|Prof Darren Wilkinson||Professor of Stochastic Modelling|
|School of Mathematics & Statistics|
gdagsim-03.tgz is the current release of GDAGsim. This is a C library for analysis and block-sampling of Gaussian DAG models. Full documentation and installation instructions are included with the package - see the README in the top-level directory. To use the library you will need to be reasonably familiar with programming in C, and it helps (but is not vital) if you've used the GNU Scientific Library (GSL) before. Note that you must have the GSL (>=1.0) installed and working correctly before attempting to install GDAGsim. Since there are (currently) no sparse matrix algorithms in the GSL, this version of GDAGsim also depends on the Meschach matrix library. However, no familiarity with Meschach is required.
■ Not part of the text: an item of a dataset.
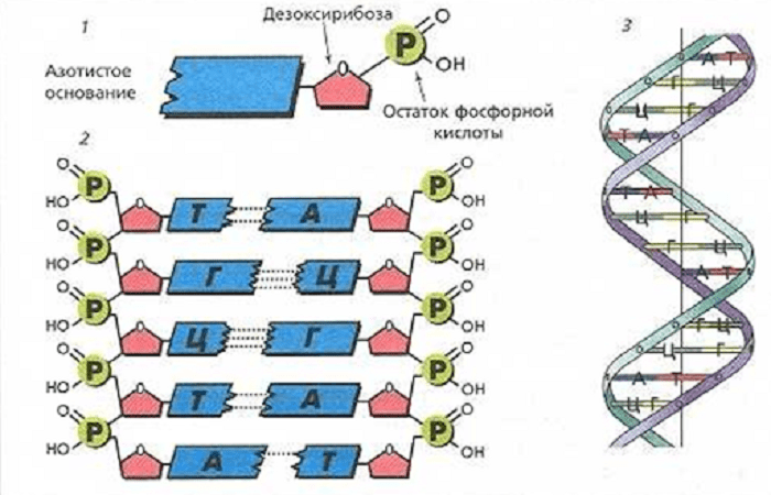 Чтобы образовалась цепь ДНК из нуклеотидов, необходима реакция конденсации. В процессе этой реакции углерод остатка сахара одного нуклеотида и остаток фосфорной кислоты другого вступают в сложную связь, образуя неразветвленные полинуклеотидные цепочки. Структура ДНК состоит из ряда таких нуклеотидных цепей. Между нуклеотидами образуются прочные фосфодиэфирные мостики, уменьшающие риск появления проблем в структуре нуклеотидов.
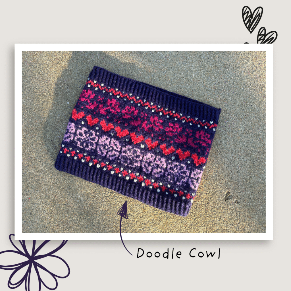 Doodle Cowl in O-Wool Classic 2-Ply scraps: I am so happy with how this little cowl turned out! It was really fun to design and see how the patterns came out as I worked the charts. I didn’t expect it, but I still have enough of almost all these yarns to knit another small something. I am learning toward making a matching hat.

The main change from 0.2 is a change of syntax for the stochastic simulation functions. This syntax change is annoying, but the decision to introduce it has not been taken lightly! The library is now thread-safe. This will ease the development of multi-threaded and parallel codes which use the library, and also has some other benefits.
If you use Linux, then pre-compiled binary packages are available for both the GSL and Meschach - just install the library packages and the corresponding "-dev" packages before installing GDAGsim, and everything should work fine. I hope to put together binary packages for GDAGsim for use with Debian GNU/Linux sometime in the next few months, but for now, building from source should be very straightforward.
The latest documentation is available in PDF format for on-line browsing. The theory behind GDAGsim is explained in the following paper:
gdagsim-01.tgz is an alpha release of GDAGsim, my C library for analysis and block-sampling of Gaussian DAG models.
Version 0.1 depends only on the GSL. However, this version uses dense matrix algorithms, and hence is very inefficient. It is no longer undergoing development.
gdagsim-02.tgz is the first version of GDAGsim to use sparse matrix algorithms. It is much more efficient than Version 0.1 in terms of both memory usage and CPU time. However, 0.1 and 0.2 both suffer from not being thread-safe, due to the way they handle random number streams. It is no longer being developed. Version 0.3 corrects this problem, but therefore requires a syntax change to the stochastic simulation functions.